The kool-aid Syria test  

By 2014, a vast north Syrian territory had come under the YPG’s control, but it was vulnerable to Daesh. It became a celebrated cause for the international left, as foreigners began to join its ranks to keep Daesh at bay. 

The wannabe militants would travel to Sulaymaniyah in Iraq, dress up as Peshmerga and smuggle themselves to Syria with the help of YPG militants. Among those who travelled like this was one Brace Belden, a florist from the US. 

Belden attracted a following on social media with his provocative Twitter handle PissPigGranddad (now blocked) and the pictures he posted which showed him in ragtag YPG uniform smoking cigars and brandishing AK-47s. 
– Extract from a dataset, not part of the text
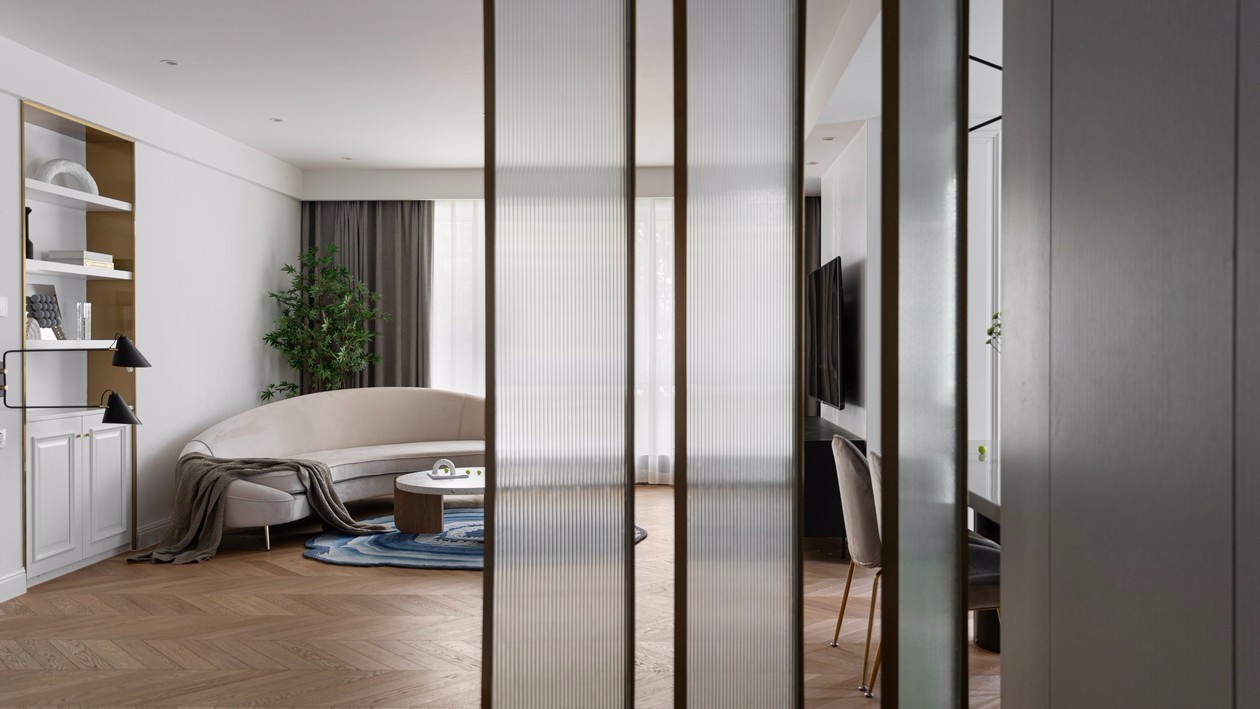 本一览无遗的客厅在分散式长虹玻璃的修饰下,朦胧而婉转,既丰富了视觉感受,又增加玄关的仪式感。
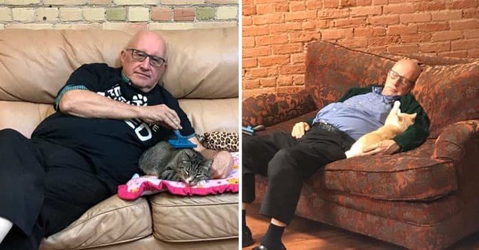 Dizem que os gatos costumam ser solitários e menos afetuosos do que outros animais, como cachorros, mas se há algo que eles adoram fazer e em que são especialistas é dormir e Terry Lauerman, um senhor aposentado, descobriu que isso bastaria para que ele não se sentisse sozinho.

But Belden had a history, as Seth Harp who wrote for Rolling Stone uncovered. 

“...[H]e was a self-described lumpenproletariat, a lowlife punk and petty criminal with a heroin habit who started reading Marx and Lenin seriously in rehab,” he wrote in his article for the magazine.

AP

The showoff between right-wing and counter protestors have gotten ugly in past.

Another name that came to prominence was that of Hanna Bohman, a Canadian woman, who joined the YPG’s female fighting wing as she was looking for ‘purpose in life’ after a motorcycle accident. 

While Daesh and other terrorist groups were under the increasing scrutiny of international cybersecurity watchdogs, the YPG was actively running a Facebook campaign to find recruits. 

Former US marines who joined the YPG did so for reasons other than ideology. 

In an interview with news site Vice, an unnamed activist went on to tell the story of how ‘some’ trigger-happy mercenaries seeking ‘adventure’ had penetrated the group.

One disturbing aspect is that unlike the Americans who joined Daesh, militants fighting on behalf of the YPG didn’t face any legal action upon their return. 

“Judging from the ease with which more prominent Westerns make it to Syria or Iraq and then back to their home countries, the US and other Western countries have made it relatively worry-free for their citizens to join these fights,” said Malak Chabkoun, an independent Syria analyst. 

Correction: A previous version of this article incorrectly stated that the Sons of Liberty International worked with the YPG in northern Syria. The Sons of Liberty International have never worked with the YPG and their work in the region deals primarily with the Iraqi Assyrian Christian community. We regret the error.